Priceless Gems: Treasures from Carolina’s Past, a special collections exhibition housed in UNC’s Wilson Library, opened to the public on Jan. 24. Featuring a carefully curated selection of artifacts, the exhibit highlights unique pieces of historical significance and the captivating stories they reveal about the University.
Linda Jacobson, keeper of the North Carolina Collection Gallery, said that the exhibit currently holds 20 items and three audio clips, all of which are considered “treasures.”
“They're connected to UNC history,” Jacobson said in reference to the artifacts. “They're connected to the history or the events or people who went to school here who are famously connected to the University.”
The exhibition has the treasures organized into five separate exhibits: The First Hundred Years, Student Life, Student Organizations, Athletics and Notable Tar Heels.
“The great thing about all of these items is that researchers, enthusiasts, students, staff, whoever can come in and look at these items in our reading room — have that tactile experience,” Jacobson said.

Jacobson was inspired to start the exhibit after Wilson Library received Joseph Caldwell's telescope as a gift.

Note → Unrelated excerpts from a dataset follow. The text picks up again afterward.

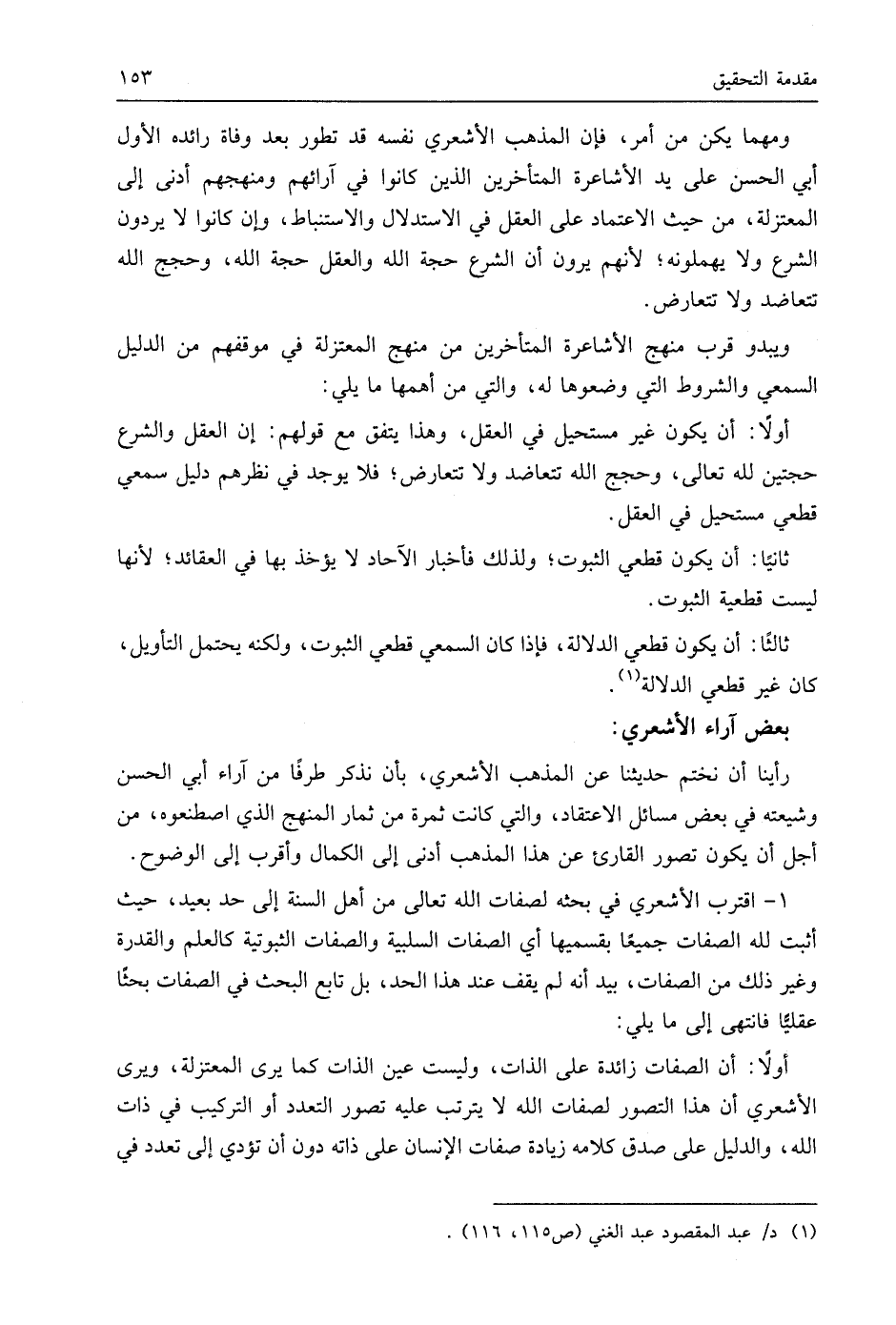 ومهما يكن من أمر، فإن المذهب الأشعري نفسه قد تطور بعد وفاة رائده الأول أبي الحسن على يد الأشاعرة المتأخرين الذين كانوا في آرائهم ومنهجهم أدنى إلى المعتزلة، من حيث الاعتماد على العقل في الاستدلال والاستنباط، وإن كانوا لا يردون الشرع ولا يهملونه؛ لأنهم يرون أن الشرع حجة اللَّه والعقل حجة اللَّه، وحجج الله تتعاضد ولا تتعارض.
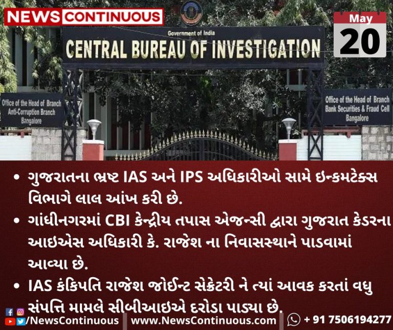 IAS કંકિપતિ રાજેશ જોઈન્ટ સેક્રેટરી ને(Joint Secretary) ત્યાં આવક કરતાં વધુ સંપત્તિ મામલે સીબીઆઇએ(CBI) દરોડા પાડ્યા છે.
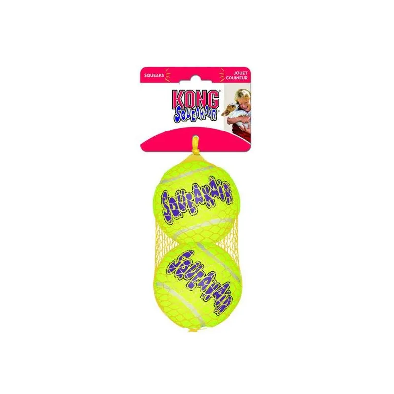 KONG SqueakAir Balls es un pack de 2 pelotas para perro que combina el formato de pelota de tenis con sonido para fomentar el juego de lanzar y recoger.
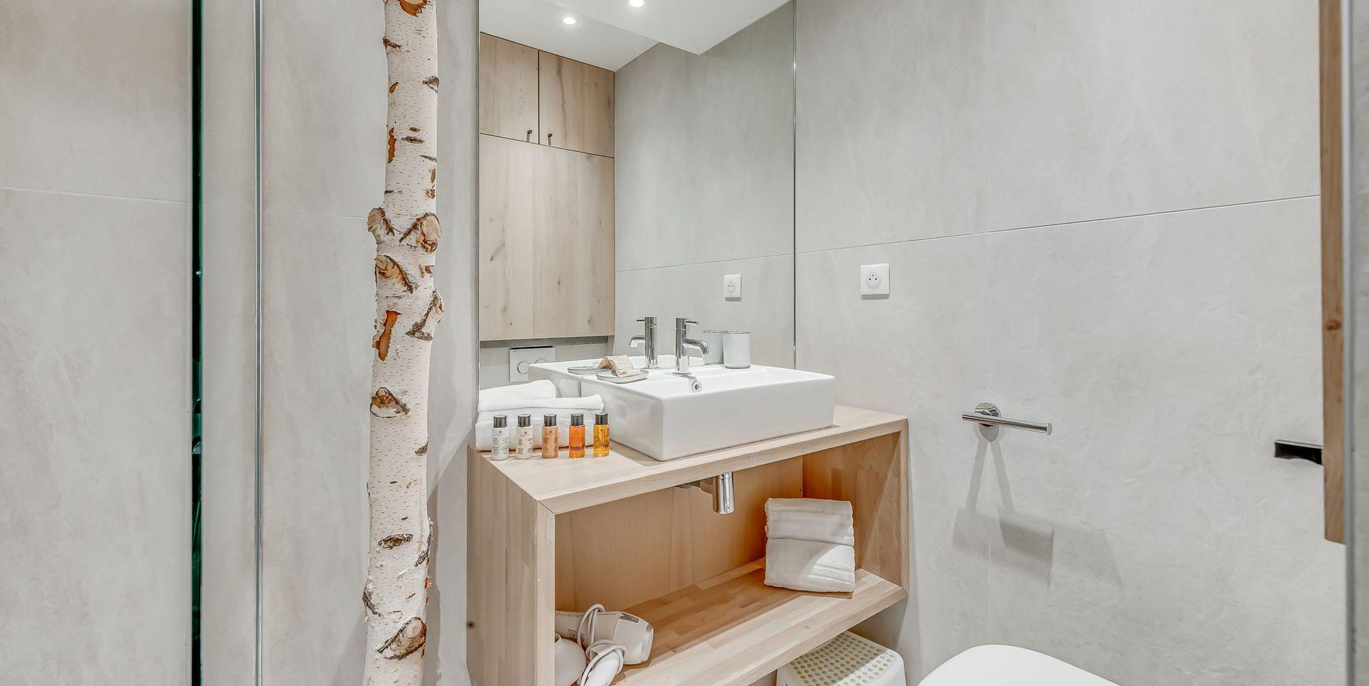 - Salle de bain avec cabine de douche, lavabo, une porte de separation qui donne acces a 1 WC et un lave-linge.
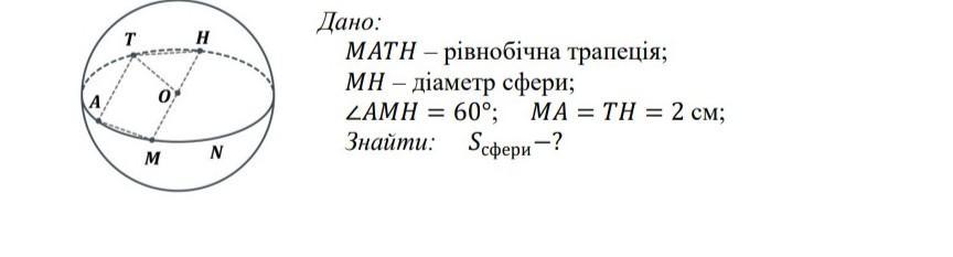 У велике коло сфери вписана рівнобічна трапеція МАТН, основа якаï МН діаметром великого кола. Обчисліть площу сфери, якщоZAMH = 60°, МА = 2 см.
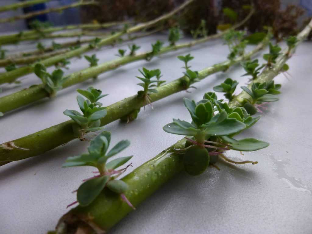 Наилучшее время для вегетативного размножения растения – это весна, с марта по июнь. Его лучше проводить при повышенной до 22-25 градусов температуре. Для этого нужно срезать острым ножом верхушку побега для получения черенков. Стебель делят на части таким образом, чтобы каждый из отрезков имел один лист или спящую почку.
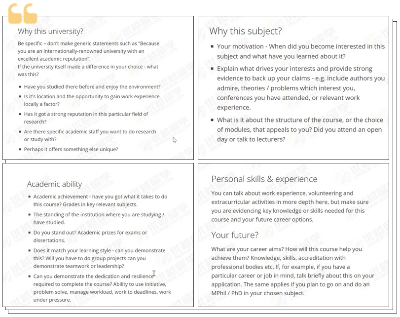 以上是【【申請(qǐng)文書】英國哪幾所大學(xué)最看重申請(qǐng)文書?踩中“雷點(diǎn)”直接一眼拒!】相關(guān)的全部?jī)?nèi)容,查看更多【 英國碩士文書】相關(guān)資訊可前往【優(yōu)越留學(xué)】首頁!詳細(xì)申請(qǐng)規(guī)劃及方案定制請(qǐng)預(yù)約優(yōu)越留學(xué)顧問為你一對(duì)一解答!
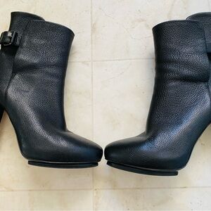 Balenciaga Made in Italy Black Textured Leather Block Heels Ankle Boots sz 8/38
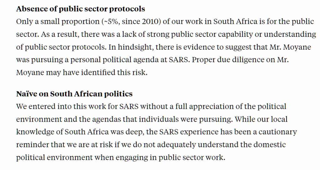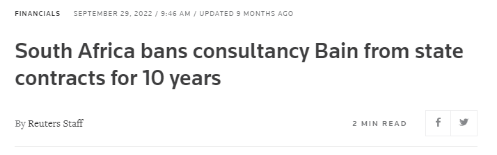 We’ll get more into shady dealings in the following but as a teaser just last year Bain and Co. was banned from the entire country of South Africa due to ‘misconduct’ with former President Jacob Zuma.
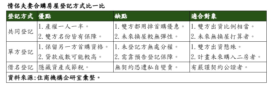 房產若是在婚後購入,賴志昶分析,該房產屬婚後財產,登記在個人名下或聯名登記,雙方有權要求平均分配,對於日後若離異分產的影響較小;不過,若建物採取聯名登記,雖對雙方有保障,但也可能在未來買賣後,用掉兩人的首購優惠,或是影響貸款成數;而若採借名登記,則要小心登記人私下移轉房產變賣,出資方務必保留房屋繳款、稅金等金流紀錄以茲證明。
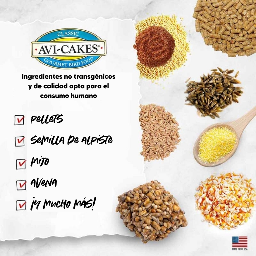 Lafeber Avi-Cakes son perfectos para ayudar a tu ave a adaptarse a un nuevo tipo de alimentación, ya sea del pellet a la semilla o viceversa. La combinación de texturas hace que esta comida sea atractiva para aves que necesitan variedad en su dieta.
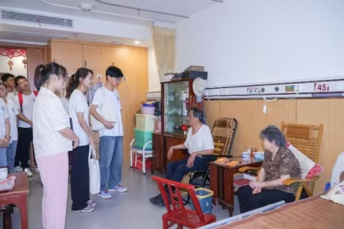 圖為實(shí)踐團(tuán)成員參觀特色養(yǎng)老房間。王野 供圖
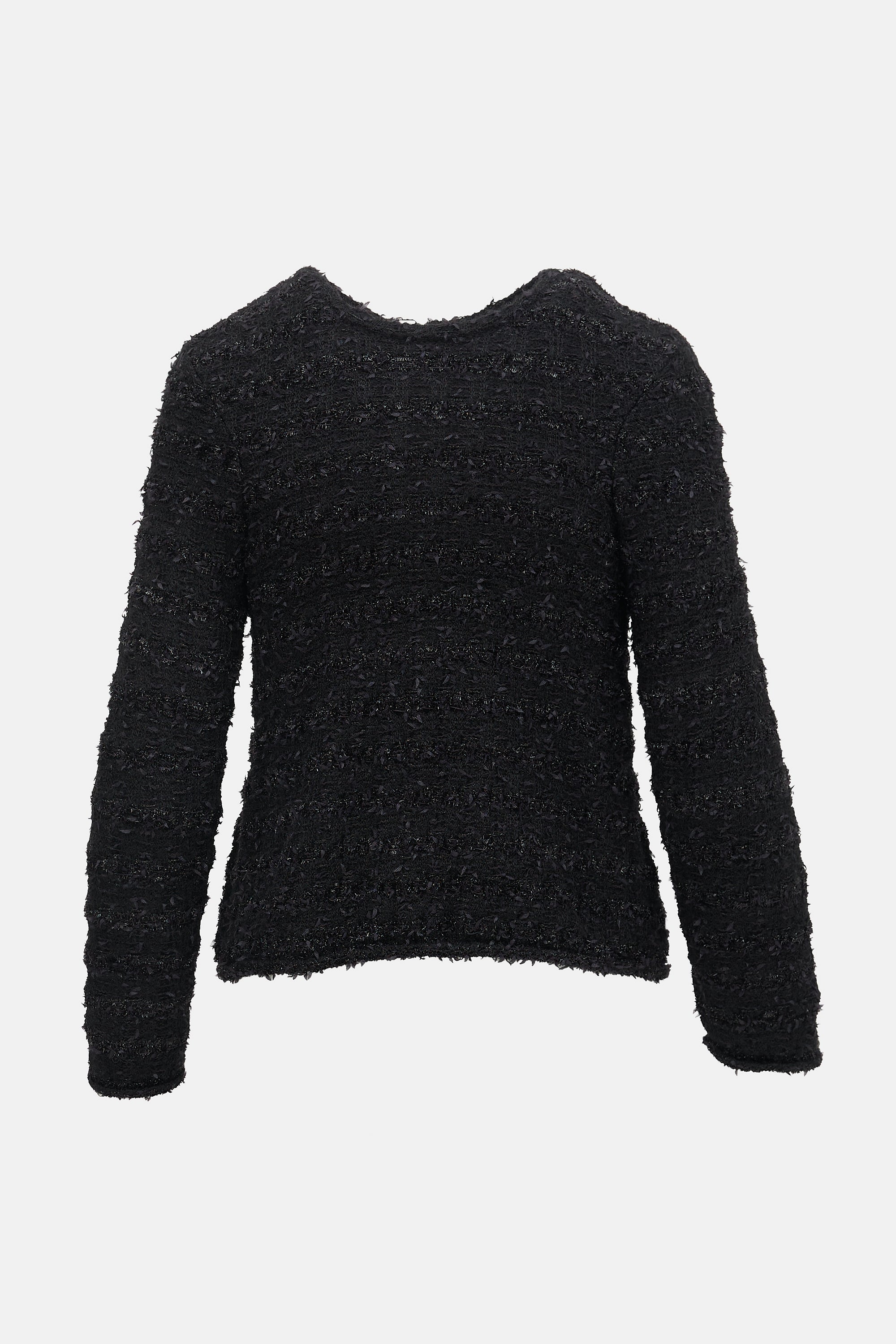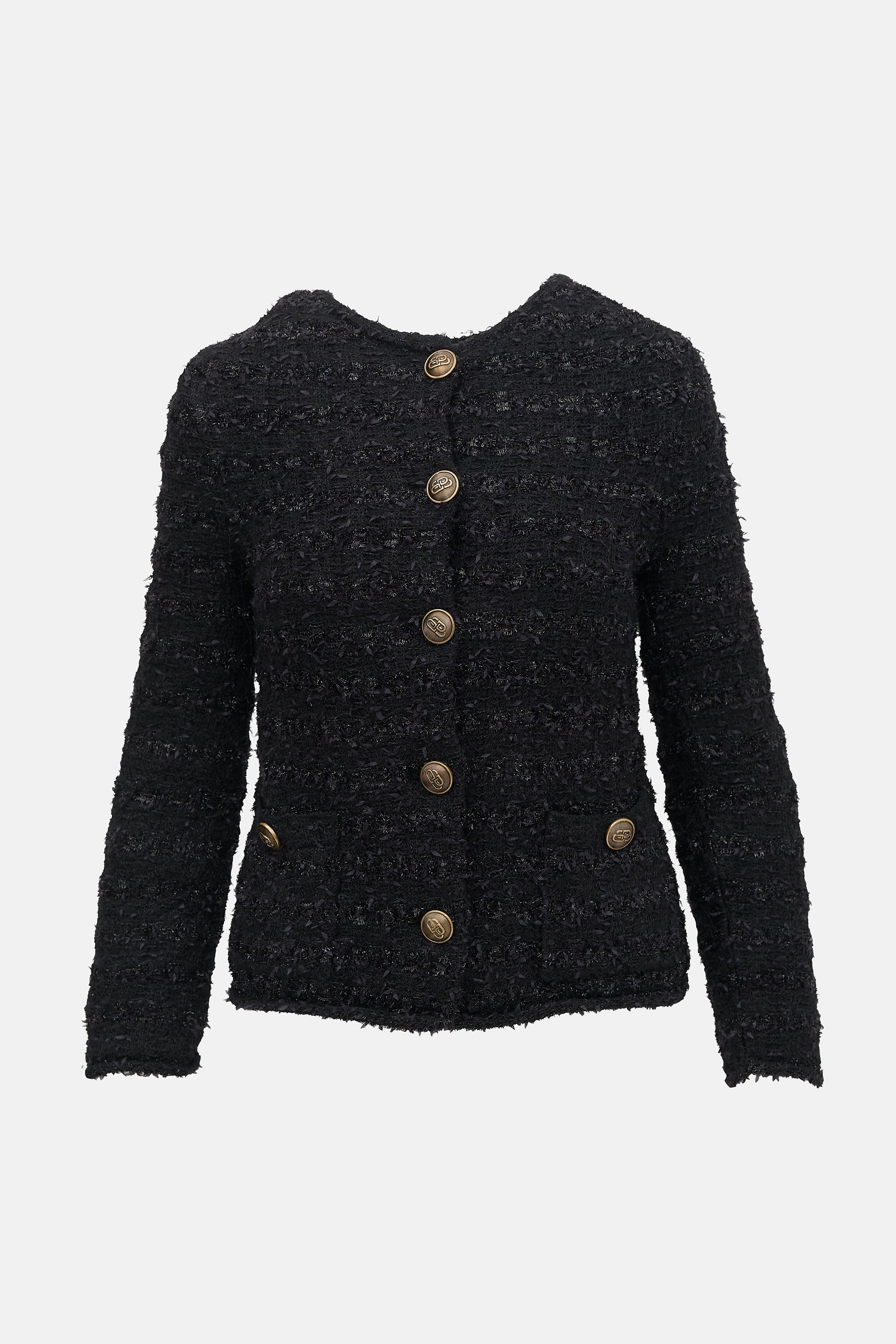 Pre-owned Balenciaga black sparkly tweed jacket featuring round neckline, gold tone buttons with BB motif, button up front, and two front patch pockets with button embellishment. Partially lined.

In 1824, Caldwell, the first president of UNC, took a trip to Europe to bring scientific equipment back to the University with a plan to build an astronomical observatory on campus. As a result, UNC was the first state university to have this kind of observatory.
Also available in the collection is George Moses Horton's acrostic poems. Horton was an enslaved man from Chatham County who taught himself to read and write. With any money Horton made, he bought free time from his enslaver to travel to Chapel Hill. He would write and sell romantic poems to UNC students, with the first letters spelling out the subject’s name.
In honor of Horton and his work, Horton Residence Hall was named after him in 2007.